__Problem to solve__
Count each line below that has "good" anywhere in it. Answer with the total alone.

__Exercise materials__
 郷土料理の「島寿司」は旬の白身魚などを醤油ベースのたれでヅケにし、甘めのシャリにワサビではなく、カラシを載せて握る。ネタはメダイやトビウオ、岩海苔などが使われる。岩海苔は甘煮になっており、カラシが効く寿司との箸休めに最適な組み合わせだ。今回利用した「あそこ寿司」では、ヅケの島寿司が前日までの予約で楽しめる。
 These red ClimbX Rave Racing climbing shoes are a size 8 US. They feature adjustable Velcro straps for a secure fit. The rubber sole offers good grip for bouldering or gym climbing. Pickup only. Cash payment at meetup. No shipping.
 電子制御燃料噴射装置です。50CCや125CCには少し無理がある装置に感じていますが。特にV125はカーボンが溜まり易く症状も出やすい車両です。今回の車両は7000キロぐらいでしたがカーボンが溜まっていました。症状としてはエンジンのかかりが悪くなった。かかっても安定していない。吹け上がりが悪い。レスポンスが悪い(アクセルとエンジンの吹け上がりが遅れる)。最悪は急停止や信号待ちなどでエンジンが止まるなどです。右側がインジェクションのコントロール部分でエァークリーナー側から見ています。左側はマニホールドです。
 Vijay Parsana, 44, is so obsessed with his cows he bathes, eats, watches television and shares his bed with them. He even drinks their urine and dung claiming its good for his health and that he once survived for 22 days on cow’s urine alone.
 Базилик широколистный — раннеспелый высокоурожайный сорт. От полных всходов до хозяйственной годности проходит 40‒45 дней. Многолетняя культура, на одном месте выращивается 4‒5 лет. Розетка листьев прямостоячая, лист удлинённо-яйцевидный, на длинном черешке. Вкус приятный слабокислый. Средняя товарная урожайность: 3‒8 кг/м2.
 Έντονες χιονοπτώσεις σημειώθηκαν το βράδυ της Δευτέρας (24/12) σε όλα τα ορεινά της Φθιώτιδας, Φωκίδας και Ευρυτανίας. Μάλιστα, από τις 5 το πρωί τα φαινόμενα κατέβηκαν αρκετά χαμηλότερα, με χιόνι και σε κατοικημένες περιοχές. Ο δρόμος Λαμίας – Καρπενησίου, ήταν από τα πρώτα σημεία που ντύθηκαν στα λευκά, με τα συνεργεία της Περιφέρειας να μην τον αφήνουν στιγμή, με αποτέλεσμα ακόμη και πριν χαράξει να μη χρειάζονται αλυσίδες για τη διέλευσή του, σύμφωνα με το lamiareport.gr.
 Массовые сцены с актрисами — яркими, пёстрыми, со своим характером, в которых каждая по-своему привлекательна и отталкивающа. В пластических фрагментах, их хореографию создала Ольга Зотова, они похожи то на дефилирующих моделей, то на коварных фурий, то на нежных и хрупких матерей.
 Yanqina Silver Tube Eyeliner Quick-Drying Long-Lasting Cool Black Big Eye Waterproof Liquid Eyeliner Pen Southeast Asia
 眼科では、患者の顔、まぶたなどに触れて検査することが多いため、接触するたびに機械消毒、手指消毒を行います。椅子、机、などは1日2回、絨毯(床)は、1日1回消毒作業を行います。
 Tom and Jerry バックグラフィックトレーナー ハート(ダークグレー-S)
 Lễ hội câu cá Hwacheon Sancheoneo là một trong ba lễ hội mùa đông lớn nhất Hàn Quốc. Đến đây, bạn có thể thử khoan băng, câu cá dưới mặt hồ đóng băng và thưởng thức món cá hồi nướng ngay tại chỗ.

__Expected answer__
2